Moneybox

The Most Important Health Care Chart Nobody Is Talking About

Ex-Moneyboxer Annie Lowrey has a great piece in the New York Times about the sharp slowdown in the rate of health care spending increases, the potential impact of that on long-term budget balance, and the considerable uncertainty as to whether it makes sense to project the trend into the future. There’s a lot of nuance to this, but the chart I have above is a data point that I think belongs in this discussion, even though you rarely hear about it.

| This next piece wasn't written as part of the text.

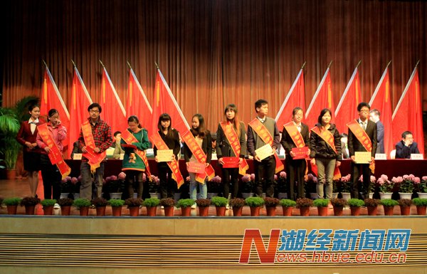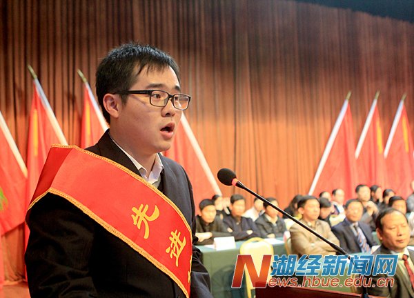 国家奖学金、特等奖学金、优秀大学生标兵、优秀学生干部获得者叶秀玲(信息管理学院),班主任标兵徐慧玲(金融学院),先进辅导员刘帷(国际贸易学院)在大会上作了交流发言。

It’s a chart of construction spending in the health care sector. And I think it’s an important indicator, not because health care construction spending is such a big deal on its own, but because it’s the closest thing we have to a real-time forecast of what the future is going to look like. Spending money on health care construction projects today is an investment in the idea that health care spending volumes will be higher in five and ten years. The fact that we’re in an era of construction spending that’s flat in nominal terms (and thus declining in inflation-adjusted per capita terms) suggests pessimism on the part of health care providers about the idea that spending volumes will explode. What’s unfortunate is that the data series only goes back about ten years, so we can’t put this construction bust in any kind of historical context. Absent that context, it’s at least possible that health care construction has historically been a super-cyclical boom-and-bust industry, and my chart here is totally meaningless. But I think it counts as evidence of a real market anticipation that the future of health care will not involve a continual upward spiral in spending.

Perhaps related, we all recall when IBM built a supercomputer named Watson that could win at Jeopardy! Well, Watson is now being used by health care providers as a resource for medical advice: “Over the past two years, IBM’s researchers have shrunk Watson from the size of a master bedroom to a pizza-box-sized server that can fit in any data center. And they improved its processing speed by 240 percent.”